You typically filter to the top 10 or so categories above some confidence threshold (say, 0.1) and throw away the rest. What you’re left with is a concise description of the acoustic content: “This recording contains birds (85%), wind (42%), rustling leaves (39%), and insects (29%).”
That’s classification. Audio in, labels out.
Shazam Does Something Different (But Related)
Shazam isn’t doing classification in the sense I just described. It’s doing fingerprinting — a related but distinct technique. When Shazam listens to a song, it’s not asking “what kind of sound is this?” It’s asking “which specific recording is this?”
Shazam works by:
- Generating a spectrogram of the audio you’re recording
- Finding the loudest frequency points at each moment in time — these are “peaks”
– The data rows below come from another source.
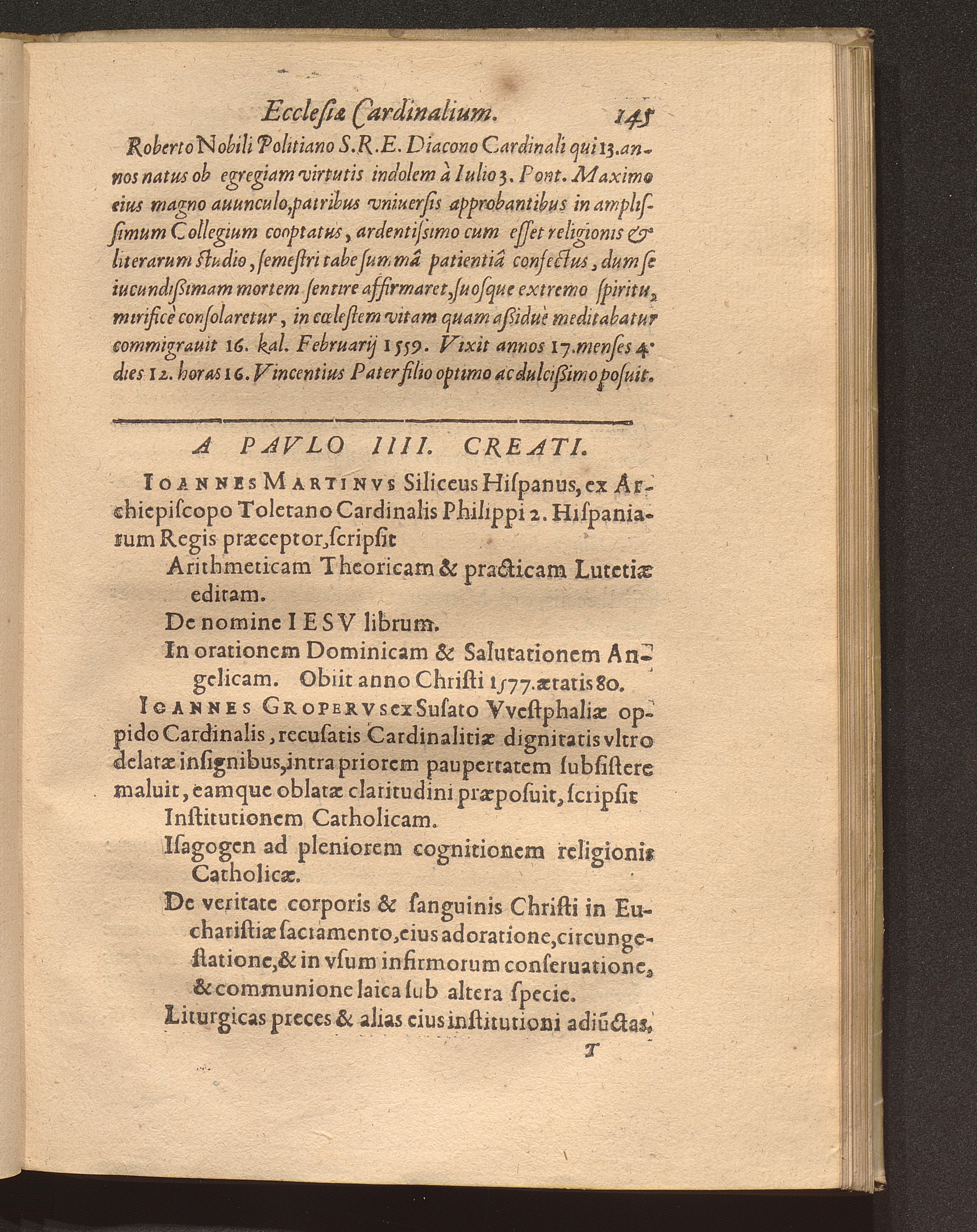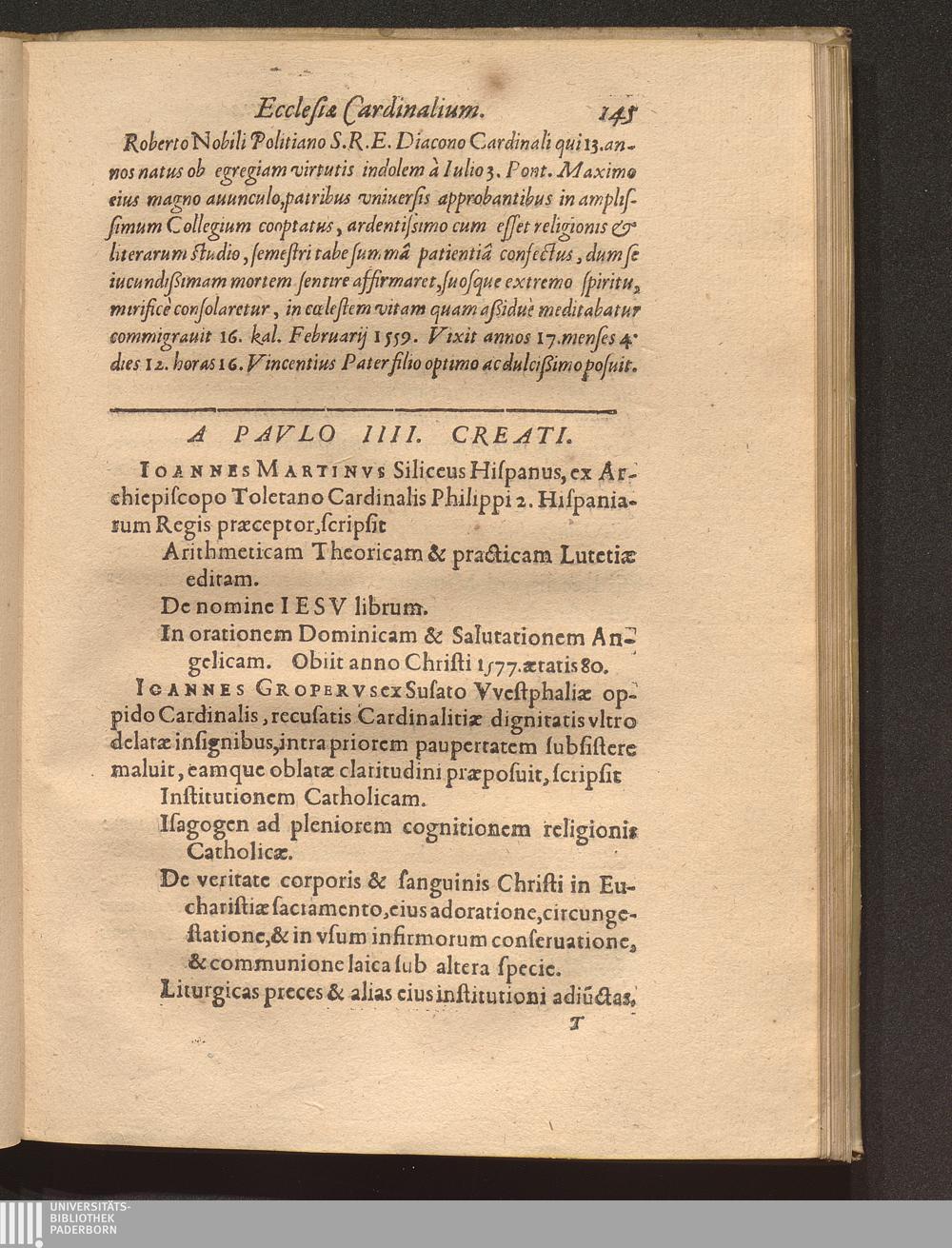 Nomenclator Sanctae Romanae Ecclesiae Cardinalivm Qvi Ab Anno Christi Millesimo quippiam commentati sunt, Sev Ab Eo Tempore quo Pontificis electione ad eos tantùm ob Romani cleri multitudinem reuocatâ, maximus illis honor (qualem videmus) haberi coeptus est : Accesserunt ad calcem Pontificum & Cardinalium Epitaphia supra ducenta, quae Alphonsi Ciaconi libro de Pontificum gestis appositè interseri operae est / [Verf.: Henri-Louis Chasteigner de la Rocheposay]
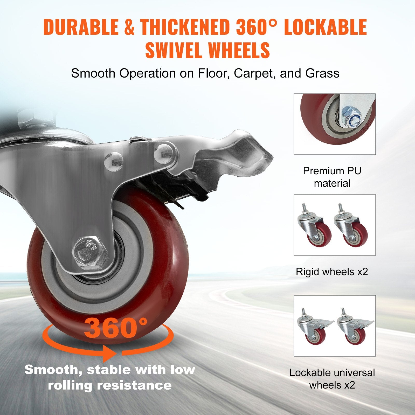 This folding chair dolly cart features upgraded full-welding technique for wheels and connectors, as well as enhanced load-bearing rigidity of the square tubes; every new enhancement is tailored to withstand the strict usage demands of users.
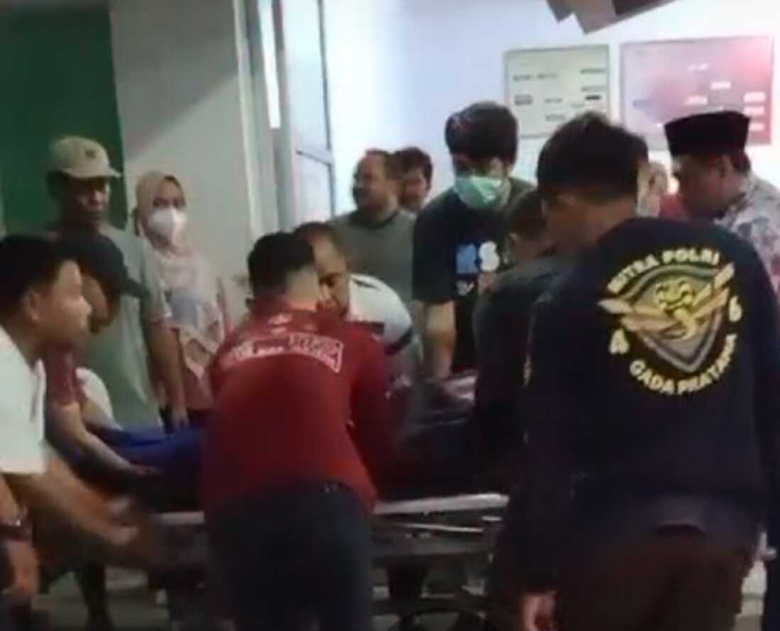 Saat di rumah sakit Majene, sejumlah kerabat almarhum dan ponakan tampak bersedih dan mengangkat almarhum ke mobil jenazah.

- Creating pairs of peaks and hashing them into a compact fingerprint
- Searching a massive database for a matching fingerprint
It’s more like reverse image search than image classification. The spectrogram is still the key intermediate representation — Shazam just uses it differently. Instead of running it through a neural network that was trained on categories, it extracts distinctive landmarks and matches them against a database of known songs.
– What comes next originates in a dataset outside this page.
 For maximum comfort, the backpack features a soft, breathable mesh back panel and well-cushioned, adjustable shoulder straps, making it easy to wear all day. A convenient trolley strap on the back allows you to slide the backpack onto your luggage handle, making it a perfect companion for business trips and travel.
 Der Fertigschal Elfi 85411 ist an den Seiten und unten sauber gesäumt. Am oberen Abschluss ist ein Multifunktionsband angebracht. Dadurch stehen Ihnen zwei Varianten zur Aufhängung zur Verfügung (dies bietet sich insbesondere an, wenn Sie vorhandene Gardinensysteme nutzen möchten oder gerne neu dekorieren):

The reason I bring this up is that spectrograms are the lingua franca of audio AI. Whether you’re identifying songs, classifying ambient sounds, transcribing speech, detecting whale calls, or separating instruments in a mix, the first step is almost always the same: turn the audio into a spectrogram.
This Isn’t Locked Up in Big Tech Labs
Here’s what surprises most people: the models behind audio classification are open source. You can download them right now and run them on your own machine.
PANNs (Pretrained Audio Neural Networks) is a family of models from the University of Surrey, trained on the full AudioSet dataset. The research paper, the code, and the trained weights are all publicly available. The Cnn14 variant — a 14-layer convolutional network — is a 309MB download that classifies any audio into 527 categories. It runs on a consumer GPU in milliseconds, or on a CPU in under a second.
YAMNet is Google’s equivalent, built on the MobileNet architecture for efficiency. It’s smaller and faster than PANNs but covers a similar category set. It runs in TensorFlow and is available as a TF Hub module.
BEATs (from Microsoft) and AST (Audio Spectrogram Transformer, from MIT) are newer architectures that use transformers instead of CNNs — the same architecture behind GPT and other large language models, adapted for spectrograms.
The barrier to entry isn’t access. The tools exist. The barrier is packaging — wrapping the raw model into something a regular person can use without writing a PyTorch data loader from scratch.
What I Built With This
I found that gap frustrating enough to fill it. I built a tool called Cairn — a command-line sound classifier that takes an audio file and tells you what’s in it. Bird song, traffic noise, rain, speech, wind, insects. A 13-minute field recording tags in about 5 seconds.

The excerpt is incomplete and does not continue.